From the line that contains "得力(deli)珊瑚海S241-5CS五联彩色电脑打印纸整张80列(撕边 色序:白红蓝绿黄 1000页/箱)" down to the last line of the entries, repeat every line exactly. Do not carry over the pictures.

=== Working data ===

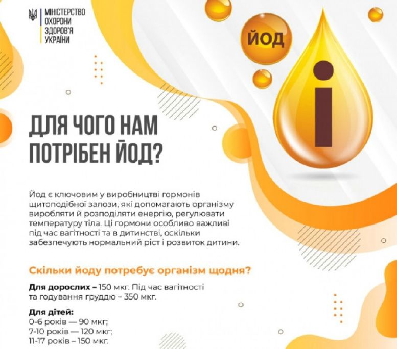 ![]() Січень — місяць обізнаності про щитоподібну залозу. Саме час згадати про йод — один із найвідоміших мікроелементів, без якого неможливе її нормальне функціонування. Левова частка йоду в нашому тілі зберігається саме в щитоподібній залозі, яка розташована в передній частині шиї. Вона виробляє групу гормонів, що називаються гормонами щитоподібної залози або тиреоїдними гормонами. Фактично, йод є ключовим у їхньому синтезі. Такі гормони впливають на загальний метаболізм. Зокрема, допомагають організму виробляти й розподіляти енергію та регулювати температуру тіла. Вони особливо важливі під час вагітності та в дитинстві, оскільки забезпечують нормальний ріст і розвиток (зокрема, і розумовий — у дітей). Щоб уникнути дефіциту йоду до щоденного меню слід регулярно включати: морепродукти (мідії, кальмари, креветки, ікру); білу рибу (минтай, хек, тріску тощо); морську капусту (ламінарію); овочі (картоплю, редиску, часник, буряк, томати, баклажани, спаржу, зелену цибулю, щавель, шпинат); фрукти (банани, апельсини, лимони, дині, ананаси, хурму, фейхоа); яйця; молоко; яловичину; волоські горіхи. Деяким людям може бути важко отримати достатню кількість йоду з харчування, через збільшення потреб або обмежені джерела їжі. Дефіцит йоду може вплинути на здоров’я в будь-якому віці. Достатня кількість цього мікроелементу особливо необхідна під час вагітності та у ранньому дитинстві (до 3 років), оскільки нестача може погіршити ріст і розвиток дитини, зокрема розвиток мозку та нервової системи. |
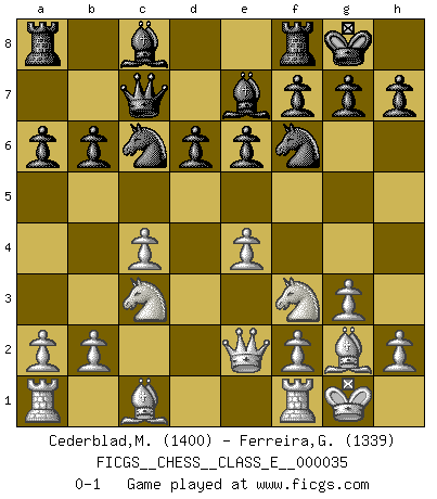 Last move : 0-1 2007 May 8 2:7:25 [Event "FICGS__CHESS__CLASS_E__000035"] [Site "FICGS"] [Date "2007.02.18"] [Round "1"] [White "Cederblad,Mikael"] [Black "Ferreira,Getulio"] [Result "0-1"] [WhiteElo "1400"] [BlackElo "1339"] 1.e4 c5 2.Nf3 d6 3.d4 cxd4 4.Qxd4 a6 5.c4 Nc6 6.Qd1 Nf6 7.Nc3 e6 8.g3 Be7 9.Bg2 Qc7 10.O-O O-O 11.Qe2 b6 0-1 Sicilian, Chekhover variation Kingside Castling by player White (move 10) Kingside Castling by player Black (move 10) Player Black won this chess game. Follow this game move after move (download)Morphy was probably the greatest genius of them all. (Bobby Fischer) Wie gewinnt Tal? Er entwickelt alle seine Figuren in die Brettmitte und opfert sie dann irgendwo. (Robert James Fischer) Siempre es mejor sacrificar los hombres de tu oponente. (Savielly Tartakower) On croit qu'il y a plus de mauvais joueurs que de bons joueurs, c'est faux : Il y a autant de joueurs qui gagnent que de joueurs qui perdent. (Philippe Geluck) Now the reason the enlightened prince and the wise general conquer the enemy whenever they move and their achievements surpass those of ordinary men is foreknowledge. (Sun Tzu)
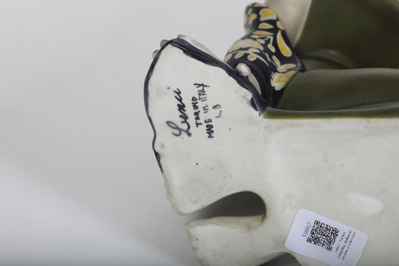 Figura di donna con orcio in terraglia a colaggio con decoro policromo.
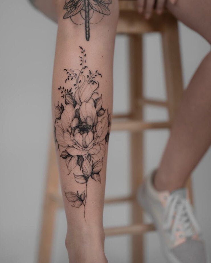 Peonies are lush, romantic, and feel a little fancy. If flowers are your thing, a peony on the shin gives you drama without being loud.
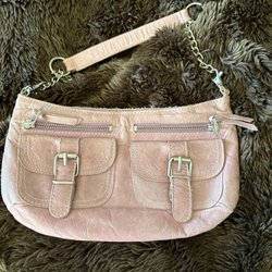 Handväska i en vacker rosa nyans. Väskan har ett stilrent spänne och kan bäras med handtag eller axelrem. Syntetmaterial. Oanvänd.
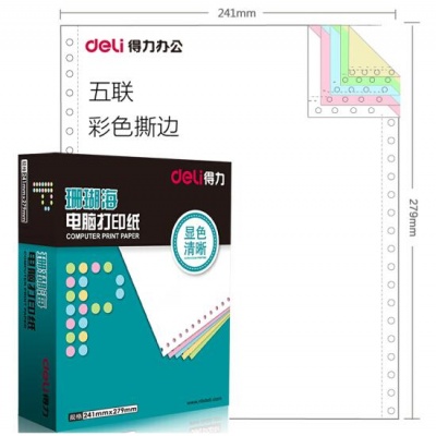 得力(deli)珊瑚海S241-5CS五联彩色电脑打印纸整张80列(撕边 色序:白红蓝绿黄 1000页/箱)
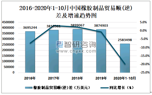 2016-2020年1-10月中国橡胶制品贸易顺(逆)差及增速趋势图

===

▶ _Response below_:
 得力(deli)珊瑚海S241-5CS五联彩色电脑打印纸整张80列(撕边 色序:白红蓝绿黄 1000页/箱)
 2016-2020年1-10月中国橡胶制品贸易顺(逆)差及增速趋势图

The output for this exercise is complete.